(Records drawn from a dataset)
=== Begin Enclosure ===

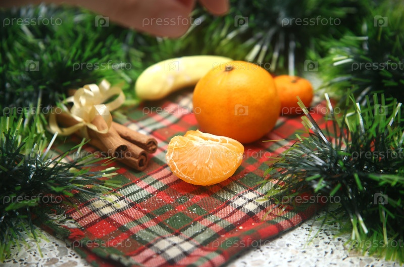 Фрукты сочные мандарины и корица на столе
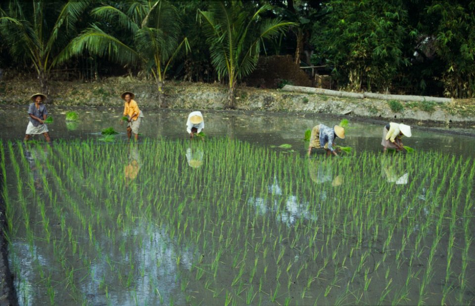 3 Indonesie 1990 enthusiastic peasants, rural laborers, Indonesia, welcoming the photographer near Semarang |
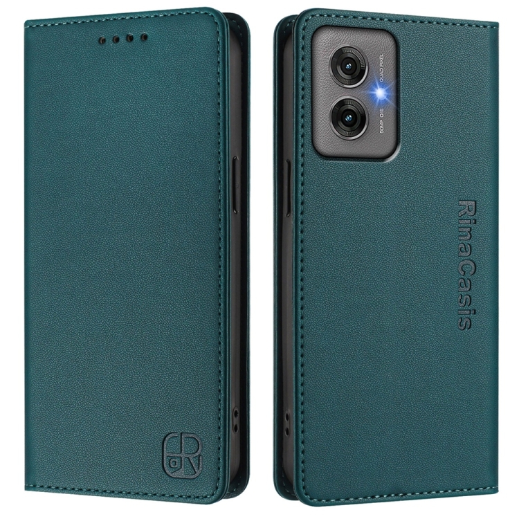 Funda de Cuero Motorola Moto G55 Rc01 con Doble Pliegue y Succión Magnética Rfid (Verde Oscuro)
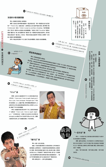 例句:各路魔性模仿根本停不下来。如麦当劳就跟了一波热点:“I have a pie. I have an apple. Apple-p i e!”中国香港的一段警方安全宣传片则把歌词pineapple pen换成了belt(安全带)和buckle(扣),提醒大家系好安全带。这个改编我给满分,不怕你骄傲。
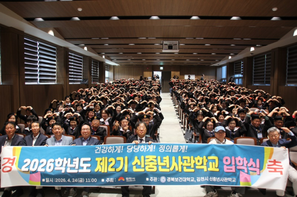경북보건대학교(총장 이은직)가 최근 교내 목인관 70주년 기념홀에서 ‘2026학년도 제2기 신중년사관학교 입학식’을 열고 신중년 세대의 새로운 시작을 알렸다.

=== End Enclosure ===

PROBLEM TO SOLVE:
In the records above, find the line containing "have a pie.". Reproduce it and every line after it through the last line, omitting pictures.

RESPONSE:
 例句:各路魔性模仿根本停不下来。如麦当劳就跟了一波热点:“I have a pie. I have an apple. Apple-p i e!”中国香港的一段警方安全宣传片则把歌词pineapple pen换成了belt(安全带)和buckle(扣),提醒大家系好安全带。这个改编我给满分,不怕你骄傲。
경북보건대학교(총장 이은직)가 최근 교내 목인관 70주년 기념홀에서 ‘2026학년도 제2기 신중년사관학교 입학식’을 열고 신중년 세대의 새로운 시작을 알렸다.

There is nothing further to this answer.